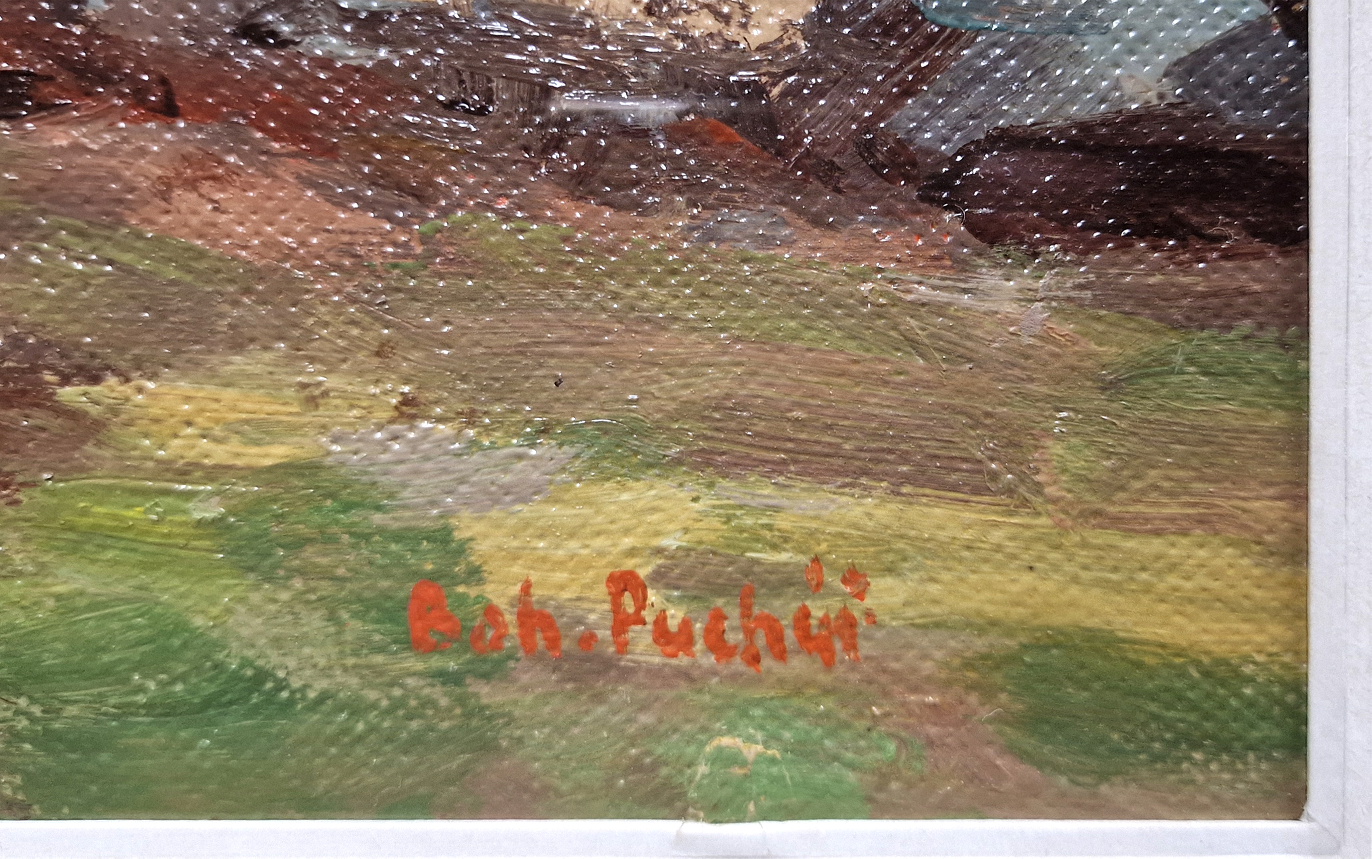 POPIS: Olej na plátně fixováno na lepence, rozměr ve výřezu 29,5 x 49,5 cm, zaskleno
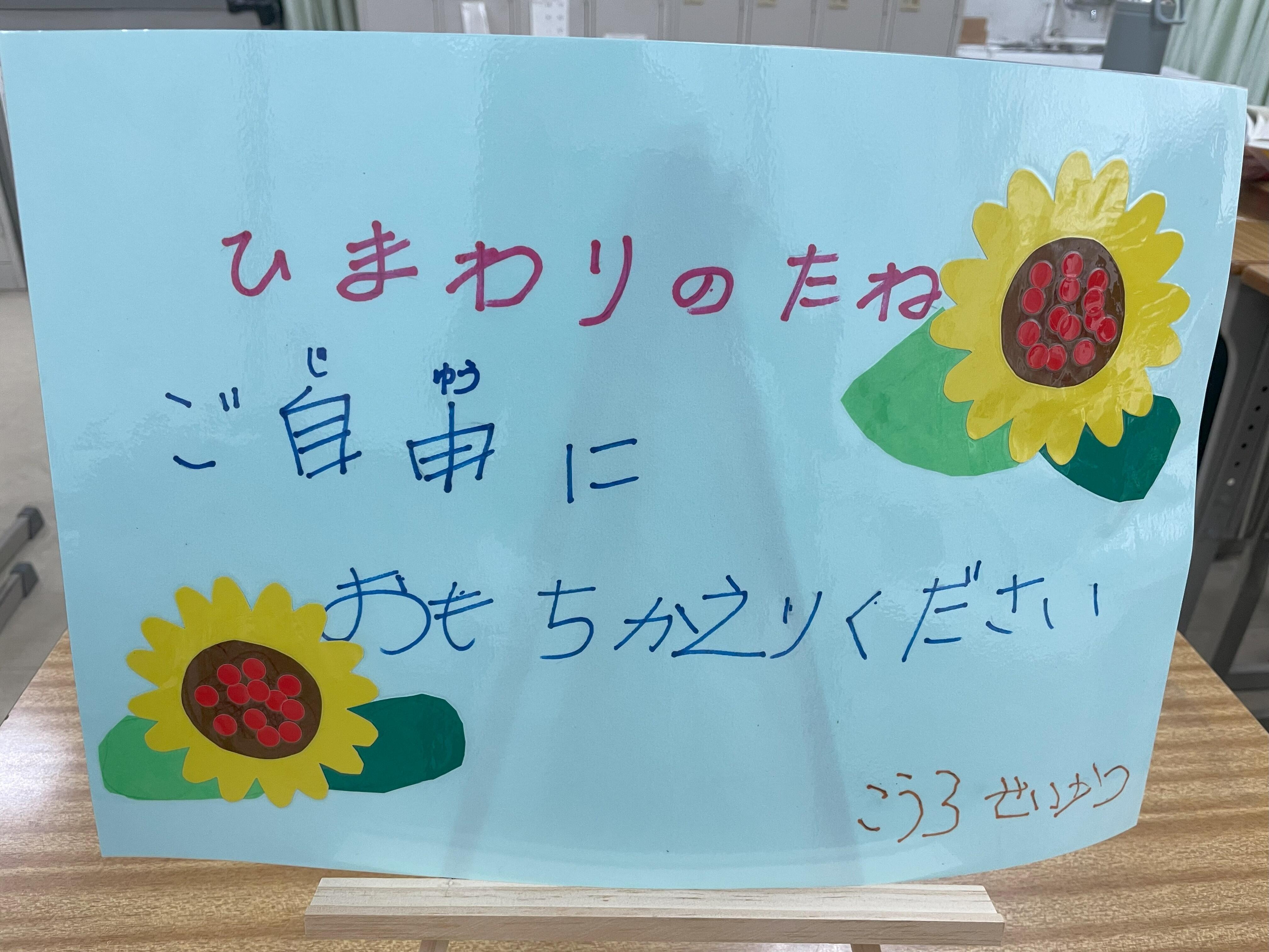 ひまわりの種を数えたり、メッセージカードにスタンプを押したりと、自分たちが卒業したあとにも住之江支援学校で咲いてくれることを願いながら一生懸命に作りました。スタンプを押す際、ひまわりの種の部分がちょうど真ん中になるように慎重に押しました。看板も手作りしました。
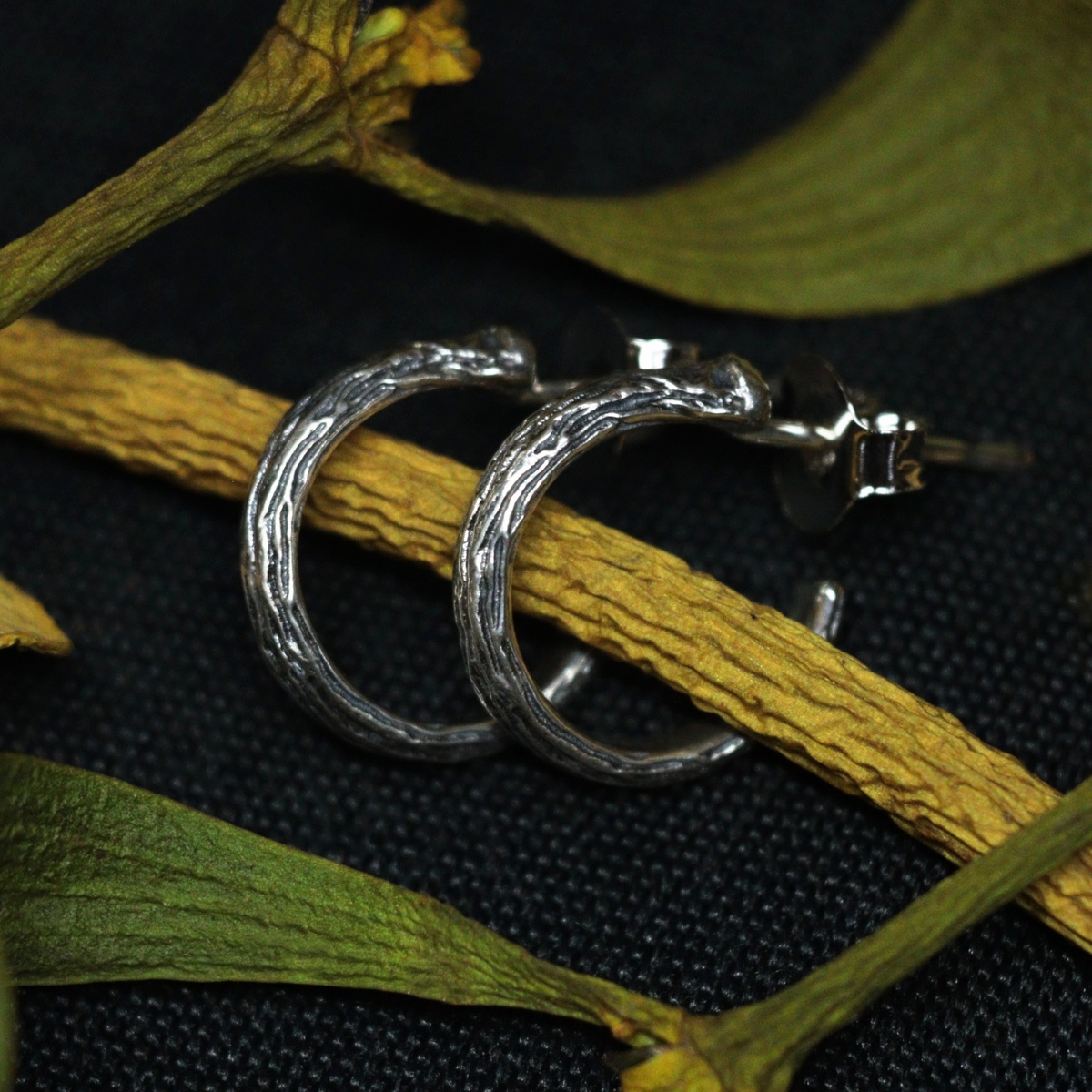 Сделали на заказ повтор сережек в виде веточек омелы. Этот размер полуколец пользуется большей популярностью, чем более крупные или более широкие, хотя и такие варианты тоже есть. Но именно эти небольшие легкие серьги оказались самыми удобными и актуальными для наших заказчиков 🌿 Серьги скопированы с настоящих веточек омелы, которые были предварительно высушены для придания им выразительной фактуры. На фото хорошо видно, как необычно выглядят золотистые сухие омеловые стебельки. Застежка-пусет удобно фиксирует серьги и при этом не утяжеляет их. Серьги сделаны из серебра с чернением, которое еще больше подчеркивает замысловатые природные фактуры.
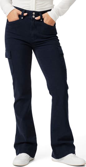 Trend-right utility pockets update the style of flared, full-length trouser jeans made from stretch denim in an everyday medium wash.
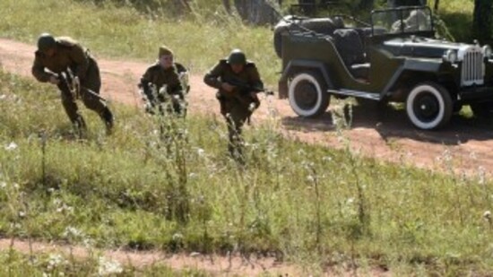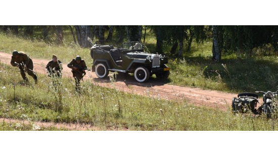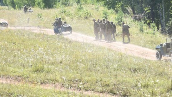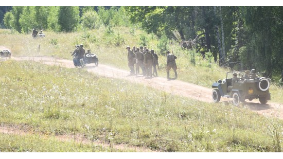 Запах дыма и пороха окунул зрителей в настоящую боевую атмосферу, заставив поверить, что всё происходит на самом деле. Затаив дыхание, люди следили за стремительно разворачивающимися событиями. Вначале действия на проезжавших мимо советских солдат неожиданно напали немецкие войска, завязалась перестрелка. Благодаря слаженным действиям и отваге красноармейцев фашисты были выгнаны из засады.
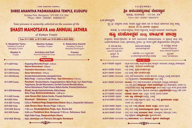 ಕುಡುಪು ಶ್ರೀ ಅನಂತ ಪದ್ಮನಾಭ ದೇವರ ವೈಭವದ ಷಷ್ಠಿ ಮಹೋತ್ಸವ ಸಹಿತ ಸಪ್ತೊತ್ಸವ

---

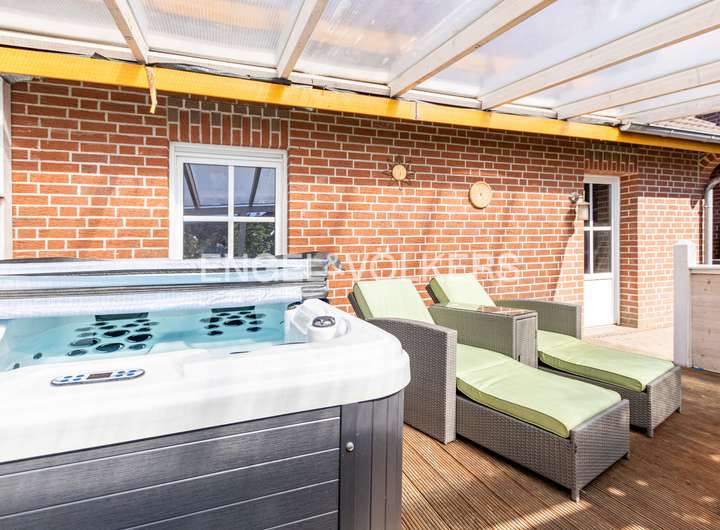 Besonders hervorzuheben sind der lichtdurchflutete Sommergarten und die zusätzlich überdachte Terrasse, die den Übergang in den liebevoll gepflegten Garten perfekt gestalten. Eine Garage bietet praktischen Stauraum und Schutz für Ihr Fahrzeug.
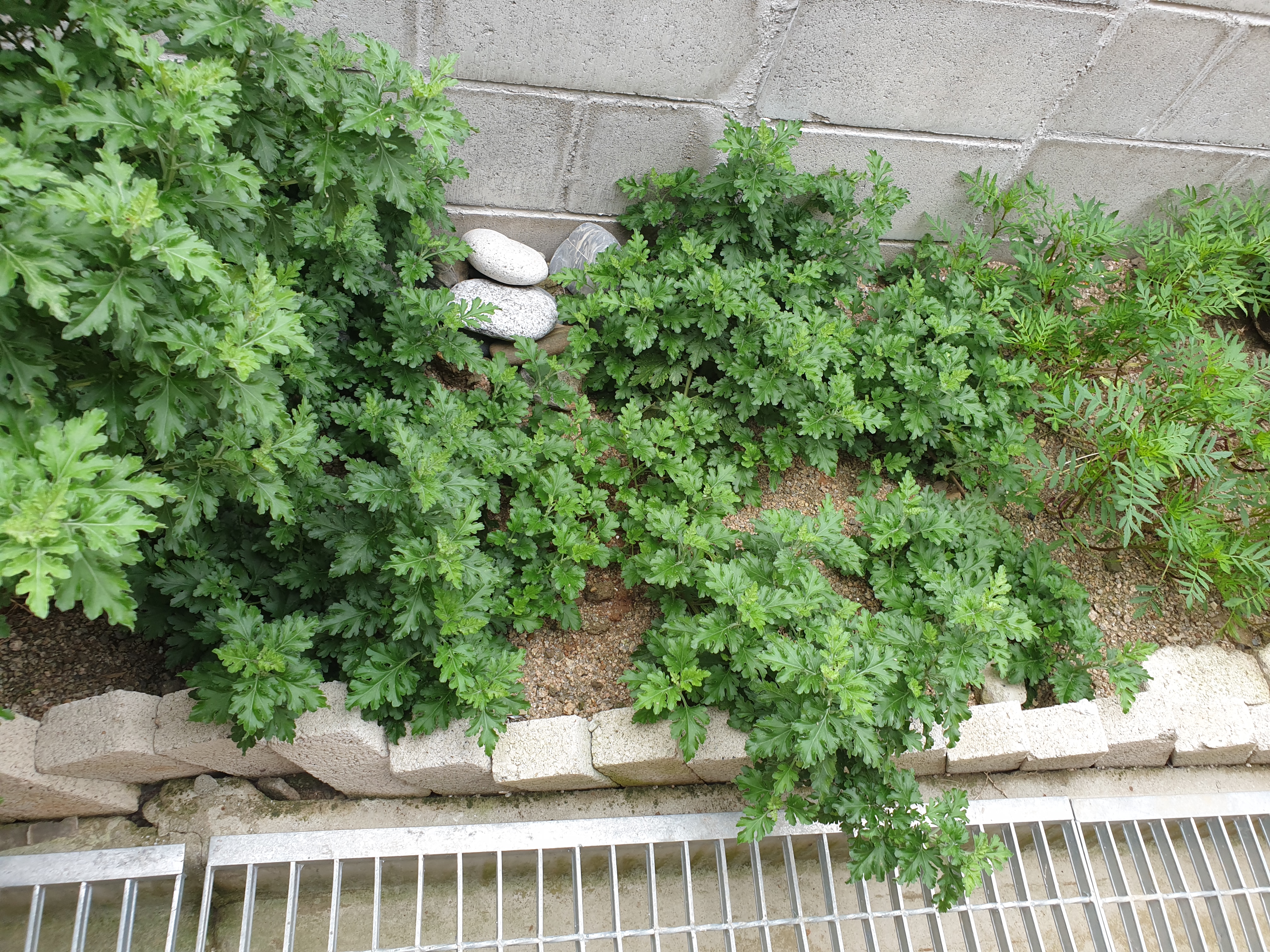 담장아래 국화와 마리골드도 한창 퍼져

### Exercise
Your answer should be the exact lines above from the one containing "Сделали на заказ" through the one containing "ಕುಡುಪು ಶ್ರೀ ಅನಂತ", with both end lines kept and the pictures removed, please.

### Solution to the exercise
 Сделали на заказ повтор сережек в виде веточек омелы. Этот размер полуколец пользуется большей популярностью, чем более крупные или более широкие, хотя и такие варианты тоже есть. Но именно эти небольшие легкие серьги оказались самыми удобными и актуальными для наших заказчиков 🌿 Серьги скопированы с настоящих веточек омелы, которые были предварительно высушены для придания им выразительной фактуры. На фото хорошо видно, как необычно выглядят золотистые сухие омеловые стебельки. Застежка-пусет удобно фиксирует серьги и при этом не утяжеляет их. Серьги сделаны из серебра с чернением, которое еще больше подчеркивает замысловатые природные фактуры.
 Trend-right utility pockets update the style of flared, full-length trouser jeans made from stretch denim in an everyday medium wash.
 Запах дыма и пороха окунул зрителей в настоящую боевую атмосферу, заставив поверить, что всё происходит на самом деле. Затаив дыхание, люди следили за стремительно разворачивающимися событиями. Вначале действия на проезжавших мимо советских солдат неожиданно напали немецкие войска, завязалась перестрелка. Благодаря слаженным действиям и отваге красноармейцев фашисты были выгнаны из засады.
 ಕುಡುಪು ಶ್ರೀ ಅನಂತ ಪದ್ಮನಾಭ ದೇವರ ವೈಭವದ ಷಷ್ಠಿ ಮಹೋತ್ಸವ ಸಹಿತ ಸಪ್ತೊತ್ಸವ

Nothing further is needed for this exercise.